44                  Division 1 of Part V of the Act provides a general prohibition against misleading and deceptive conduct of corporations in trade and commerce. A breach of this section can result in an order of damages under s 82 of the Act. The characteristics of statements which constitute representations in breach of s 52 of the Act have been considered in numerous decisions, see: Equity Access Pty Ltd v Westpac Banking Corporation and Another (1990) ATPR 40-994 at 50,950; (1989) 16 IPR 431; Brown and Another v Jam Factory Pty Ltd (1981) 53 FLR 340 at 348; Henjo Investments Pty Limited and Others v Collins Marrickville Pty Limited (No 1) (1988) 39 FCR 546; Parkdale Custom Built Furniture Proprietary Limited v Puxu Proprietary  Limited (1982) 149 CLR 191 at 198; Rhone- Poulenc Agrochimie SA and Another v UIM Chemical Services Pty Ltd and Another (1986) 12 FCR 477; Hornsby Building Information Centre Proprietary Limited and Another v Sydney Building Information Centre Limited (1978) 140 CLR 216. To constitute such breach, a statement must be made by a corporation in the course of trade or commerce. The concept of ‘in trade or commerce’ has been considered by the majority of the High Court in Concrete Constructions (NSW) Pty Limited v Nelson (1990) 169 CLR 594 at 604. Further the intent of the representor is irrelevant (see Hornsby Building Information Centre 140 CLR 228).

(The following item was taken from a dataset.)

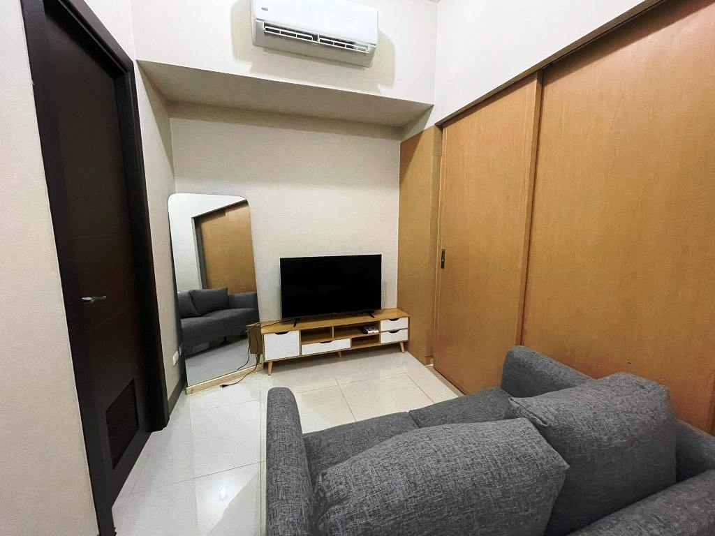 Living area is furnished with a gray sofa, TV rack, flat screen TV, full-length standing mirror and split type air-conditioning

45                  To recover damages pursuant to s 82 of the Act an applicant must prove that loss or damage suffered was ‘by’ the conduct claimed to be in breach of the relevant parts of the Act. The meaning of the word ‘by’ in s 82 was considered by Mason J in Wardley Australia Limited and Another v The State of Western Australia (1992) 175 CLR 514 at 525 where his Honour said:

‘…s 82(1) should be understood as taking up the common law practical or common-sense concept of causation recently discussed by this Court in March v Stramare (E & MH) Pty Ltd (1001) 171 CLR 506; 65 ALJR 335; 99 ALR 423; 12 MVR 353; [1991] Aust Torts Reports 81-095; 9 BCL 215, except in so far as that concept is modified or supplemented expressly or impliedly by the provisions of the Act’.

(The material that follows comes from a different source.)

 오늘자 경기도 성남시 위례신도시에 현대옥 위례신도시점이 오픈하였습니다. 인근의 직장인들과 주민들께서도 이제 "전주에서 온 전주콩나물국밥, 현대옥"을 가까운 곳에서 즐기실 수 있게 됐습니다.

46                  It is sufficient for the offending conduct to have been a cause of an applicant’s loss or damage and there is no requirement that such conduct was the only cause of an applicant’s loss or damage (see: I & L Securities Pty Limited v HTW Valuers (Brisbane) Pty Limited (2002) 210 CLR 109 at 119).

FINDINGS

Trade Practices Act claims

47                  Findlay Underwriters relies upon three representations made by the respondents in support of their claim that Carminco and TPM breached the provisions of s 52 of the Act. Additionally Findlay Underwriters relies upon a breach of s 75B of the Act in respect of the conduct of Mr Salfinger. The Court will make its findings in respect of each of the representations relied upon hereunder.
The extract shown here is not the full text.